Bush to visit apartheid state

Bush’s upcoming visit to Israel is unlikely to stimulate any relief for the collectively punished, long-suffering Palestinians, despite vague waffle by Olmert on illegal settlement evacuations. Israel has a political half nelson on the US, who are blinkered by pro-Israeli propaganda, who do not realise or do not care that they are co-conspirators in war crimes and heinous human rights abuses. For the uneducated, the Israelis are always the good guys and the Palestinians the bad. Nor do any of the Democrat presidential candidates offer any hope for change. The Israel First Zionist lobby is too strong – to speak of justice for Palestine would be electoral suicide. Why the presidential hopefuls speak of Israel as a democracy is mystifying – perhaps it is a reflection of the lack of real democracy in a country primarily driven and controlled by big money lobbies and corporations.
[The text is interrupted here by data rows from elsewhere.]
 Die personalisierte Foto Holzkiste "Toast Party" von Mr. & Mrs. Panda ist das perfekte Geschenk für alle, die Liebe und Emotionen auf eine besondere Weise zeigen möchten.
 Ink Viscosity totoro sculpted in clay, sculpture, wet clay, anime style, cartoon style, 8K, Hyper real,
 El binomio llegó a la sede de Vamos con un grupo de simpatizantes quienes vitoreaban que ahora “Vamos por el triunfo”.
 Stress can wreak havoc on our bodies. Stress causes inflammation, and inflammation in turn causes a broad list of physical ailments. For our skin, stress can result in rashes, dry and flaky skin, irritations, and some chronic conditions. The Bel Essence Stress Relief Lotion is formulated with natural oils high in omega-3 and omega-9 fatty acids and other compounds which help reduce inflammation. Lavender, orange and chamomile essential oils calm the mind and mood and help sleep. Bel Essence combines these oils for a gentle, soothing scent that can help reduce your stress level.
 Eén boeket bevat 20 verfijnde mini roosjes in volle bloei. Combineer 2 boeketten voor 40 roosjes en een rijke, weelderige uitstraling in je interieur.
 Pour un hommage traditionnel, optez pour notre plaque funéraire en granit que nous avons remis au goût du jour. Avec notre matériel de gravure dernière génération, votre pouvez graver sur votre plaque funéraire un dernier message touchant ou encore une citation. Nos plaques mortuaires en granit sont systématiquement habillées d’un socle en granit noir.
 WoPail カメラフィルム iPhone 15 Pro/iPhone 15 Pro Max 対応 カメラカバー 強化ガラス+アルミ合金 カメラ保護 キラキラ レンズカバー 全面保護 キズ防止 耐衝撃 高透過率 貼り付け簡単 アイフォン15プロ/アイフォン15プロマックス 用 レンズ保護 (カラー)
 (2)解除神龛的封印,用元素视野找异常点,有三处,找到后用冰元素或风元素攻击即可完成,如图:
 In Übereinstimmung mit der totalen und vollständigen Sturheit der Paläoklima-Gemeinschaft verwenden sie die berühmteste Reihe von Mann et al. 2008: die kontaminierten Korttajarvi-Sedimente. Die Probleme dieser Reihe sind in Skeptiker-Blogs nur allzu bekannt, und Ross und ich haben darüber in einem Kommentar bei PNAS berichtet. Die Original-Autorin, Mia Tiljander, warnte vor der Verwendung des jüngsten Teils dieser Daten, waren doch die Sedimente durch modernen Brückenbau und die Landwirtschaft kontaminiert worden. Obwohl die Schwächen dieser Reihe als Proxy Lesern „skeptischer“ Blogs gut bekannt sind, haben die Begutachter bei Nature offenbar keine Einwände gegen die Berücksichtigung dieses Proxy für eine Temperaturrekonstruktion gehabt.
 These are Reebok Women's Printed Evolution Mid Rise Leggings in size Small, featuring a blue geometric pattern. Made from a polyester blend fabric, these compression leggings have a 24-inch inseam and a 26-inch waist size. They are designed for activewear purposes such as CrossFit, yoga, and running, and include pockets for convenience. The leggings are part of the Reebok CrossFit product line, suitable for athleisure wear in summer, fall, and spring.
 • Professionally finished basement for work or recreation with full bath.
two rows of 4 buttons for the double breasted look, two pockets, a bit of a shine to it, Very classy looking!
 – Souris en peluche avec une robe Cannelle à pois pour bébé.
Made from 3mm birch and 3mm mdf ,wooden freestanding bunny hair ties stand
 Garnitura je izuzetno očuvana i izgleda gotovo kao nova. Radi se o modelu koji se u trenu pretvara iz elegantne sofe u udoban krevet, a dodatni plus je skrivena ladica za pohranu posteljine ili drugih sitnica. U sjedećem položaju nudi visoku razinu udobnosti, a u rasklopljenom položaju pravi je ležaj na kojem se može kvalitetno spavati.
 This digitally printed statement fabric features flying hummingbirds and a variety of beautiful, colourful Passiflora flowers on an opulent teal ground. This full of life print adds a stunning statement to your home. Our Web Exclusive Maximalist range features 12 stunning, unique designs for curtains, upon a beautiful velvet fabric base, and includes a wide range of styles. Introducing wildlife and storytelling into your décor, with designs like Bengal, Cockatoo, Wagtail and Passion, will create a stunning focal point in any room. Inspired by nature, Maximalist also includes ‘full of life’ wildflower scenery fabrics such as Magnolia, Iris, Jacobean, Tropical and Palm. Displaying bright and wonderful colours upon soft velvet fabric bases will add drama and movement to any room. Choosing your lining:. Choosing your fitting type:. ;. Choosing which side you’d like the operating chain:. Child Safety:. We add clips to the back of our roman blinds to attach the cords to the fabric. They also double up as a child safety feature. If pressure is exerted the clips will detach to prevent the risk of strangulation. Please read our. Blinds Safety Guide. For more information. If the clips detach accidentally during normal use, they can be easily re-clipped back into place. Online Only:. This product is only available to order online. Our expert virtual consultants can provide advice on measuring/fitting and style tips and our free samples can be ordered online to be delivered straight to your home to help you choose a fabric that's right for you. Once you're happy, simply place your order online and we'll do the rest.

Jonathan Cook analyses the Barak Oslo offers and makes some chilling conclusions about Olmert’s present political plans toward those hapless people the apartheid State of Israel currently occupies and from whom it blithely and cynically continues to steal land:

In truth, Israel’s need for recognition as a Jewish state is proof that it is not a democratic state, but rather an ethnic state that needs to defend racist privilege through the gerrymandering of borders and population. But in practice Olmert may yet use the recognition test to back Abbas, a weak and unrepresentative Palestinian leader, into the very corner that Arafat avoided.

Before Annapolis, Livni declared: “It must be clear to everyone that the State of Israel is a national homeland for the Jewish people,” adding that Israel’s Palestinian citizens would have to abandon their claim for equality the moment the Palestinian leadership agreed to statehood on Israel’s terms.

Olmert framed the Annapolis negotiations in much the same way. It was about creating two nations, he said: “the State of Israel — the nation of the Jewish people; and the Palestinian state — the nation of the Palestinian people.”

The great fear, Olmert has repeatedly pointed out, is that the Palestinians may wake up one day and realize that, after the disappointments of Oslo and Camp David, Israel will never concede to them viable statehood. The better course, they may decide, is a South African-style struggle for one-person, one-vote in a single democratic state.

Olmert warned of this threat on another recent occasion: “The choice … is between a Jewish state on part of the Land of Israel, and a binational state on all of the Land of Israel.”

Faced with this danger, Olmert, like Sharon and Barak before him, has come to appreciate that Israel urgently needs to persuade Abbas to sign up to the two-state option. Not, of course, for two democratic, or even viable, states, but for a racist Jewish state alongside a Palestinian ghetto-state.

With Bush also wanting a two state solution by the end of his disastrous term of office, the future of Palestinians looks as usual, bleak.